Segment Start: MATERIAL SUPPLIED

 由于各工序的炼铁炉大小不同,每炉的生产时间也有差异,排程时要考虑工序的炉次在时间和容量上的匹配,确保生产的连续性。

Segment End: MATERIAL SUPPLIED
Segment Start: MATERIAL SUPPLIED

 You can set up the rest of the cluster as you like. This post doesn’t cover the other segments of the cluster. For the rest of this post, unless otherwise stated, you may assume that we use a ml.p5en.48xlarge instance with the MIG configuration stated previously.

Segment End: MATERIAL SUPPLIED
Segment Start: MATERIAL SUPPLIED

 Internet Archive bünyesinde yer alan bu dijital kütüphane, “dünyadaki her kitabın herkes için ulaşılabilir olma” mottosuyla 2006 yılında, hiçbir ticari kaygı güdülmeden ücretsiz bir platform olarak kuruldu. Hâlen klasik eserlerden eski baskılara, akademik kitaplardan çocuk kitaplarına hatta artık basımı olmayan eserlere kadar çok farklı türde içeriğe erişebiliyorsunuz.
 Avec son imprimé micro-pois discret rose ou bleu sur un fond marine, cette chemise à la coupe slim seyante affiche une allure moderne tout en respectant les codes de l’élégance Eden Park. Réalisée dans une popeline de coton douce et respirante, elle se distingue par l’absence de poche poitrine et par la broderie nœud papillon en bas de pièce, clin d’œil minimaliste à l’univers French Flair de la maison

Segment End: MATERIAL SUPPLIED

▶ **EXERCISE GOAL**
From the records above, print only the lines between the one holding "Internet Archive bünyesinde" and the one holding "Avec son imprimé", inclusive, exactly as they stand.

▶ **SOLUTION**
 Internet Archive bünyesinde yer alan bu dijital kütüphane, “dünyadaki her kitabın herkes için ulaşılabilir olma” mottosuyla 2006 yılında, hiçbir ticari kaygı güdülmeden ücretsiz bir platform olarak kuruldu. Hâlen klasik eserlerden eski baskılara, akademik kitaplardan çocuk kitaplarına hatta artık basımı olmayan eserlere kadar çok farklı türde içeriğe erişebiliyorsunuz.
 Avec son imprimé micro-pois discret rose ou bleu sur un fond marine, cette chemise à la coupe slim seyante affiche une allure moderne tout en respectant les codes de l’élégance Eden Park. Réalisée dans une popeline de coton douce et respirante, elle se distingue par l’absence de poche poitrine et par la broderie nœud papillon en bas de pièce, clin d’œil minimaliste à l’univers French Flair de la maison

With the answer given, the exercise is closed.